Lots of answers here.

First of all I don’t think Big Bang violates any laws in Thermodynamics. What you are thinking is the Conservation of Matter and Energy. According to modern physics, physical laws are 4-dimensional constants that hold true within this universe. Before the Bang, these laws didn’t exist.

A better way to think of the first law is “The energy of the universe is constant.” And it is, from the Big Bang (the beginning of the universe) on.

The Universe is Just One of Those Things That Happens From Time To Time contains a theory which addresses the conservation problems. As my days of hard-core astrophysics are behind me, I’ll leave the rigorous contemplation of its merits to the younguns. However, it’s mighty appealing on its face…
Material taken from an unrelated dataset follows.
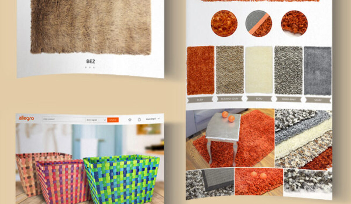 Seria projektów wewnętrznych stron typu Landing Page stworzonych na platformę Allegro przedstawia asortyment tekstyliów domowych takich jak dywany, kosze, akcesoria łazienkowe, a także ogrodowe. Poniżej przedstawione są projekty wewnętrznych stron Landing Page stworzonych na platformę e-handlu Allegro, projekt graficzny witryny internetowej, a także materiały marketingowe firmy Kontrast:
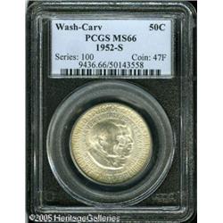 <B>1952-S 50C Washington-Carver MS66 PCGS.</B></I> Remarkably bold for this often poorly detailed issue, even being fully rounded on Carver's cheekbone. Both obverse and reverse display silver-white toning, with bits of soft lemon-yellow color that is most evident around the obverse border. Minimally abraded, as expected for a premium Gem. Population: 40 in 66, 2 finer (1/05). Lot:8626

nice… they brought up the theory of multiplicity (aka the “many worlds theory”)… great stuff :slight_smile: read the book that stephen baxter had published, “the time ships”. its a good book…
I’ll go back to lurking now.

I believe you could also argue that the laws of physics were created by the Big Bang, so you couldn’t be violating a non-existent law beforehand, as it were.

That’s the answer I got 18 years ago when, as a physics undergrad, I asked the same question of our resident cosmologist.

Thermodynamics has nothing to do with it. The laws of Thermodynamics were promulgated before the advent of modern atomic theory. In fact, classical thermodynamics doesn’t even mention atoms, electrons, etc…you can’t correlate something that happened when the universe was extremely strange with 19th century mechanics.

So it’s like a First Cause that is outside the chain of causation? velly intelesting.